ClawHub

🦒 Giraffe Guard — 长颈鹿卫士

PassAudited by ClawScan on May 10, 2026.

Overview

Giraffe Guard appears to be a purpose-aligned local security scanner, but it reads selected directories, may clone user-supplied repositories, and its reports can include sensitive snippets.

This skill looks reasonable for local security auditing. Before installing or running it, verify the package/source, run it only on directories or repositories you intend to scan, and handle verbose/JSON/SARIF outputs as potentially sensitive because they may include credential or private-key findings.

Findings (4)

Artifact-based informational review of SKILL.md, metadata, install specs, static scan signals, and capability signals. ClawScan does not execute the skill or run runtime probes.

Low
#ASI02: Tool Misuse and Exploitation
What this means

The script can read and analyze files under whatever target directory the user or agent provides.

Why it was flagged

The skill's main capability is a user-invoked shell script that scans a user-specified local directory. This is expected for the scanner's purpose, but the supplied path controls what local files are inspected.

Skill content
{baseDir}/scripts/audit.sh --verbose --context 3 --whitelist whitelist.txt --skip-dir node_modules /path/to/skills
Recommendation

Run it only against intended skill or repository directories, and review the target path before allowing an agent to invoke it.

Low
#ASI04: Agentic Supply Chain Vulnerabilities
What this means

If used with a remote URL, the tool will make a network request and download repository contents for scanning.

Why it was flagged

Pre-install mode can fetch a user-supplied git repository into a temporary directory before scanning.
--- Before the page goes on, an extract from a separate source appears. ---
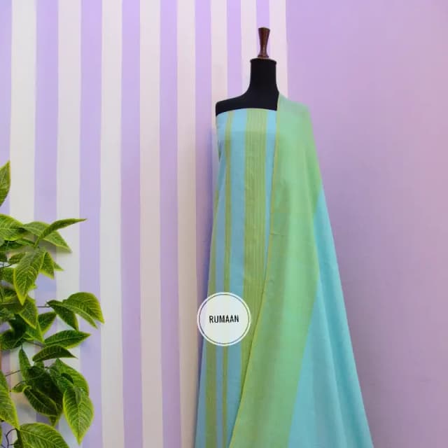 Hand woven organic cotton lehnga with silk yarn 5 yards. Jamawar blouse 2 yards. Golden organza dupata 2.75 yards. Delivery takes 8 to 14 days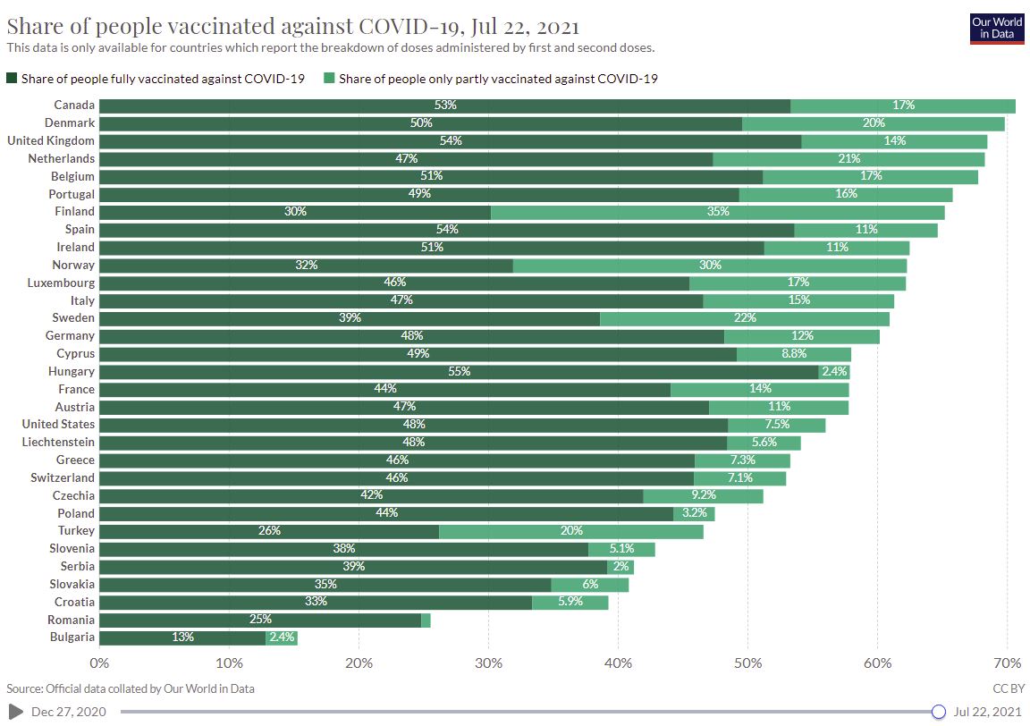 Hieronder een overzichtje van de belangrijkste landen van Europa + Amerika en Canada vwb de vaccinatiegraad per 22 juli 2021. Wat ik mij afvraag: aangezien iedereen nu wel zo'n beetje de kans heeft gehad om in ieder geval de 1e vaccinatie te krijgen (weet niet of dit voor elk land hieronder geldt), zou de vaccinatiegraad nog wel veel hoger worden? Zo zie ik bijv. niet dat Amerika ooit de 70% die het graag wil halen, gaat bereiken.

Hooks are disabled and installation is not run, but it still relies on an external source selected at runtime.

Skill content
git clone --depth 1 --config core.hooksPath=/dev/null "$TARGET_DIR" "$PRE_INSTALL_TMPDIR/repo"
Recommendation

Use pre-install mode only with repositories you intentionally select, and verify the repository URL/source before scanning.

Low
#ASI06: Memory and Context Poisoning
What this means

Terminal output, JSON, SARIF, or CI logs could expose secret-looking strings found in local files.

Why it was flagged

The scanner can show line context for findings and includes rules for credentials/private keys. Reports or verbose output may therefore contain sensitive snippets from scanned files.

Skill content
`--verbose` mode shows matching line context ... `sensitive-file-leak` | Private keys/credentials
Recommendation

Avoid publishing verbose reports publicly; treat scan outputs as sensitive if they include credential or private-key findings.

Info
#ASI10: Rogue Agents
What this means

If you add the suggested policy, future skill installs may be blocked based on this scanner's results.

Why it was flagged

The README suggests a user-directed persistent workflow policy that can affect future skill activation decisions. This is security-aligned and disclosed, but it changes future agent behavior if adopted.

Skill content
Add to your `TOOLS.md` to enforce scanning on every skill install ... Exit 2  block activation, notify user
Recommendation

Add this TOOLS.md rule only if you want that enforcement behavior, and keep a clear user-review or override process for findings.